# Tracts



## Notthemama1984 (Jan 31, 2011)

The other thread on tracts made me curious. Is the use of tracts an effective form of spreading the Gospel?

I lean towards no for two reasons:

1. the tracts that I have seen have been theologically shallow (I do realize that there may be better ones out there, but I just haven't personally seen them)

2. 76% of Americans claim to be Christians. We may believe that a great number of them are fooled in their believing, but when they see a tract they are not going to see it as applying to them. 


Just my thoughts.

Yours?


----------



## Pergamum (Jan 31, 2011)

I think tracts are one method, but not the best method. They were more effective in the past I believe.

I think they are preferred because it allows people to do drive-by evangelism and not form relationships.

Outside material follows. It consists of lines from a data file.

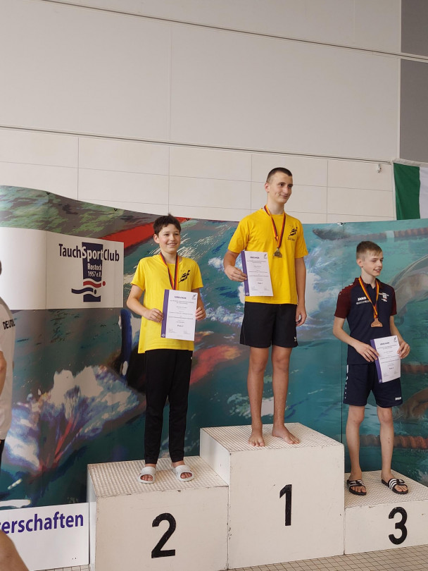 Bei den 100m Streckentauchen schwamm nur Leonard. Er wurde nicht geehrt. Leonard wurde in der Kategorie C (AK 14/15) 4. mit 00:52,37 und Bestzeit. Bei den 50BiFin schwammen Paul, Florian und Silas. Es wurden nur Paul und Silas geehrt. Paul wurde in der Kategorie B (AK 16/17) deutscher Jugend Vizemeister mit 00:23,42 und Landesrekord. Silas wurde in der Kategorie C (AK 14/15) ebenfalls deutscher Jugend Vizemeister mit 00:24,57 und Bestzeit. Florian wurde ebenfalls in der Kategorie C (AK 14/15) 7. mit 00:26,42.
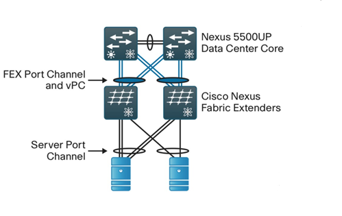 I’ve been in many data centers in which there was no redundancy at the server access layer though redundancy on several levels at the core. I’ve also seen designs in which there was access layer redundancy, top of rack redundancy but then no core fault tolerance. The above drawing is a simplified image of an ideal scenario in which servers use LACP to create port channels to each access layer FEX, and then each FEX uses port channel vPCs to dual home to disparate core switches also joined by a port channel. The cost associated with eliminating every conceivable point of failure is tremendous, but this basic design using what in 2015 is common technology provides a much more resilient application delivery medium.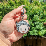 -Keychains are made of acrylic, have an epoxy overlay and come with a gun metal swivel lobster clasp attachment. Designs are different on each side. Size is 2" 🗡️

Like a telemarketer, cold contacts and being called or approached by strangers is (understandably) hardly ever welcomed. One advantage of tracts, however, is that if you are pressed for time, you can deliver truth. I have heard of people saved through tracts, so I guess I should not say much negative about them and I guess even my comment above about "drive-by" evangelism is not charitable, for it judges motivations. But, I often see tracts given as a substitute and not a supplement to a real conversation. 

I know Wiccans who collect Jack Chick tracts just because of the weird novelty of it.


----------



## jason d (Jan 31, 2011)

Depends how you use tracts... I personally use them (theologically sound one... you know there are many even by the Puritans) as icebreakers, to get into conversations with someone so I can see where they are at, if they are wiccan, or claim to be Christian but have no clue what the gospel it, etc... If they don't want to talk long at least they have a way they can contact me later, find our church (website) and there is a gospel message. It is just one means to witness that can be effective if used properly.


----------



## Jack K (Jan 31, 2011)

If they're good tracts they may be better than nothing. But conversation is more personal and more easily tailored to the individual. In America today (not sure about other places and times) these factors usually win out.


----------